Cryptocurrency has increasingly become popular in the last few years. Peer-to-peer versions of electronic cash, like bitcoin, are gradually taking ground in the financial market.

Since online hackers and other perpetrators mainly target electronic cash, it’s a logical move to secure your crypto holdings. For the most part, you may convert them into fiat money and save them in a financial institution because of “bank-level” security.

But what exactly is bank-level security, and is it really secure for your cryptocurrency holdings?

In this article, we will discuss the meaning of “bank-level security” and how you can protect your financial resources.

What Is Bank-Level Security?

Bank-level security is a form of security that banks or financial institutions use to encrypt and protect financial data and personal information using standard industry tools and technology. This security includes protecting data at rest, securing data in transit, maintaining operational procedures, and regulating administrative access to data and information. At the same time, different banks vary in the specific types of security measures they implement.

Bank-Level Security vs. Cyberattacks

While bank-level security serves a purpose, it’s not actually the most secure solution in the market. Sure, banks and financial entities secure their systems and networks using various measures. However, most of these solutions are set for marketing purposes and do not offer 100% protection.

The truth is that cyberattacks can still strike financial institutions. Think of DDoS attacks, ransomware, and viruses impacting even international banking systems from time to time. The sad reality is that most of these cyberattacks against financial institutions are carried out by a cabal of cyberwarfare and international crime agencies worldwide. This is where there is a need for alternative financial security solutions.

Here at Financial Cents, we offer an easy-to-use cloud-based accounting practice management software. If you want to manage your holdings through robust accounting software, our accounting resources will surely be your best bet!

How to Protect Your Cryptocurrency Holdings

If you have crypto holdings and heavily rely on traditional banking, you may have to think twice about the financial institution’s “bank-level” security. Instead of resorting to conventional banking and trusting its protection, there are ways you can secure your holdings without relying on banks or financial entities. Below are some ways to safeguard your crypto holdings:

    • Keep your crypto assets to yourself in a secure wallet by locking and holding them down.

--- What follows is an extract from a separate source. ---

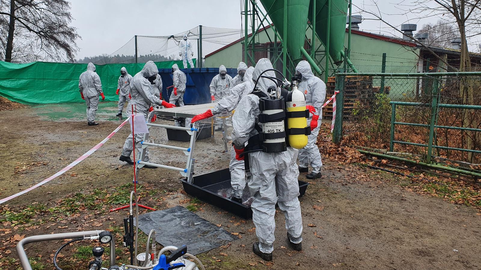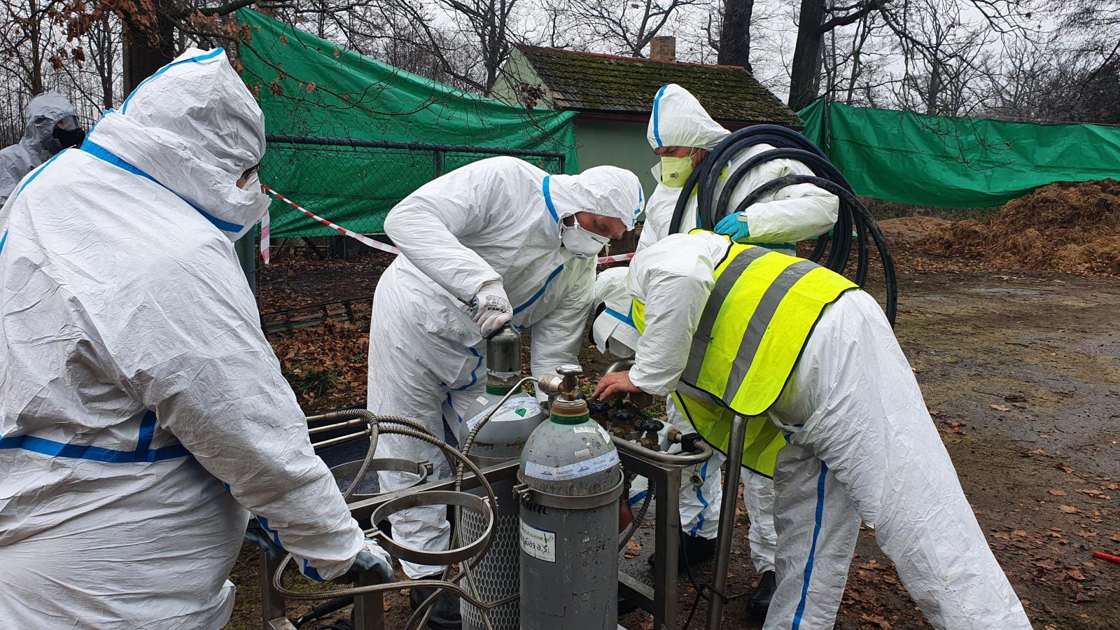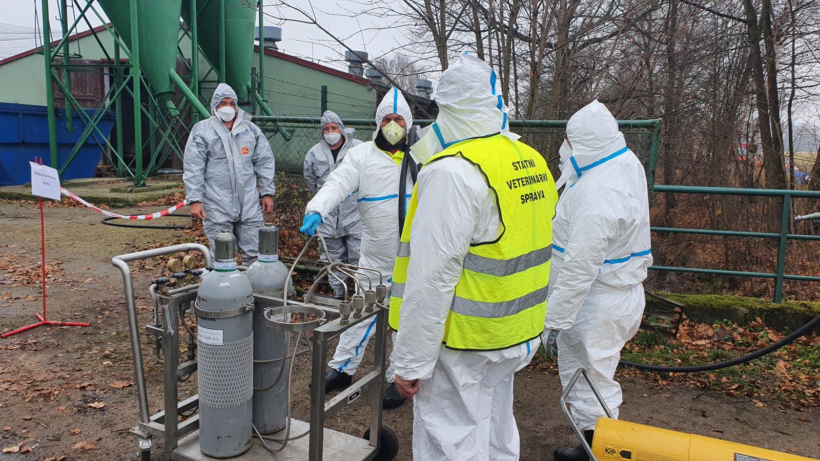 Krátce po 12. hodině byly kontejnery s usmrcenými husami naloženy na nákladní vozy. Aby vozy mohly opustit nebezpečný prostor a mohly odjet do kafilerie, musely také projít dekontaminací.

    • Select the right wallet, whether holding a private key or in an exchange.

    • Use a strong and unique password for your cryptocurrency wallet.

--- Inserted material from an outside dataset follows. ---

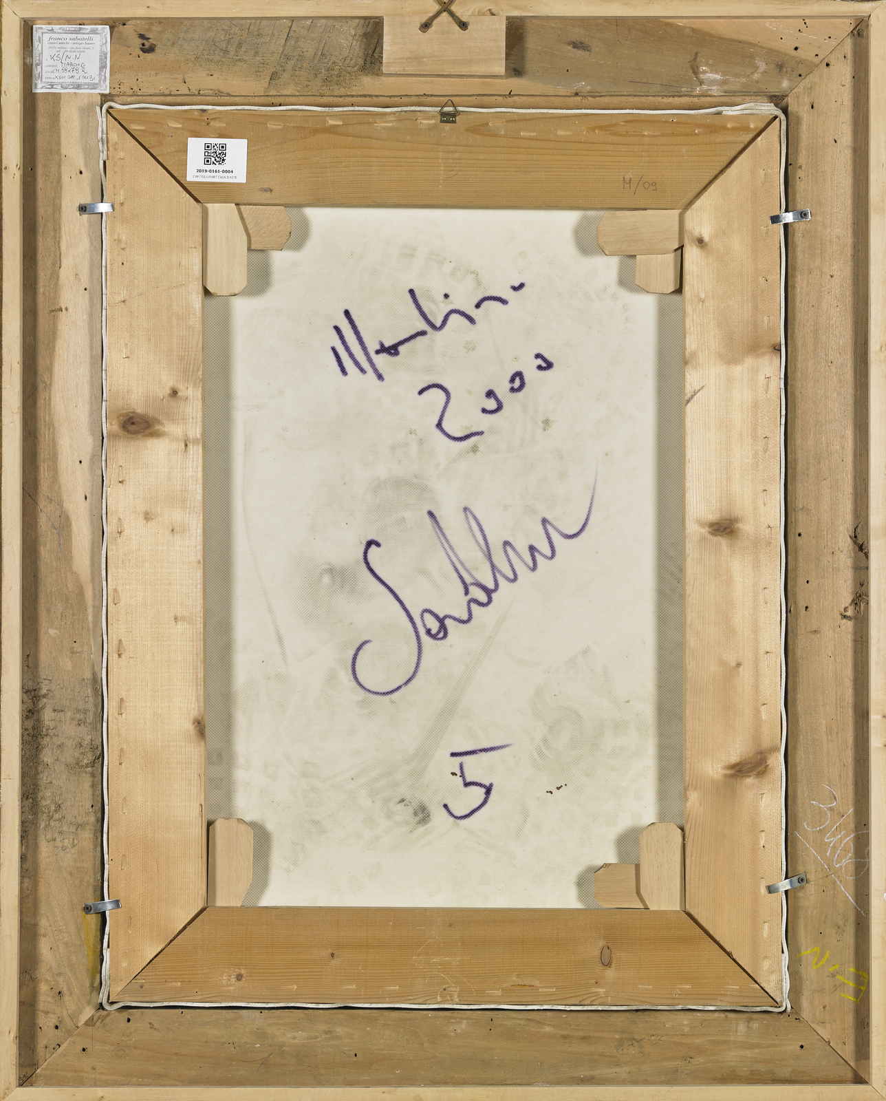 MONDINO ALDO (1938 - 2005) Sodhu. 2000. Oil on linoleum. Cm 60,00 x 80,00. At the back title, signature and year. Provenance: Astuni Art Gallery, Fano. Cornice presente

    • Protect your cryptocurrency wallet, exchange account, and email account with two-factor authentication (2FA).

    • Never click on links in emails or on social media that seem to come from wallet providers and exchanges, as they may be phishing attacks.

Conclusion

Bank-level security may be an option for you in securing your crypto holdings. However, it’s best to have a secure wallet or participate in an exchange instead. Just be sure to follow the steps outlined above in protecting your holdings and work with a highly reliable firm with CPA management software and accounting management. Doing so will ultimately safeguard your crypto holdings from losses!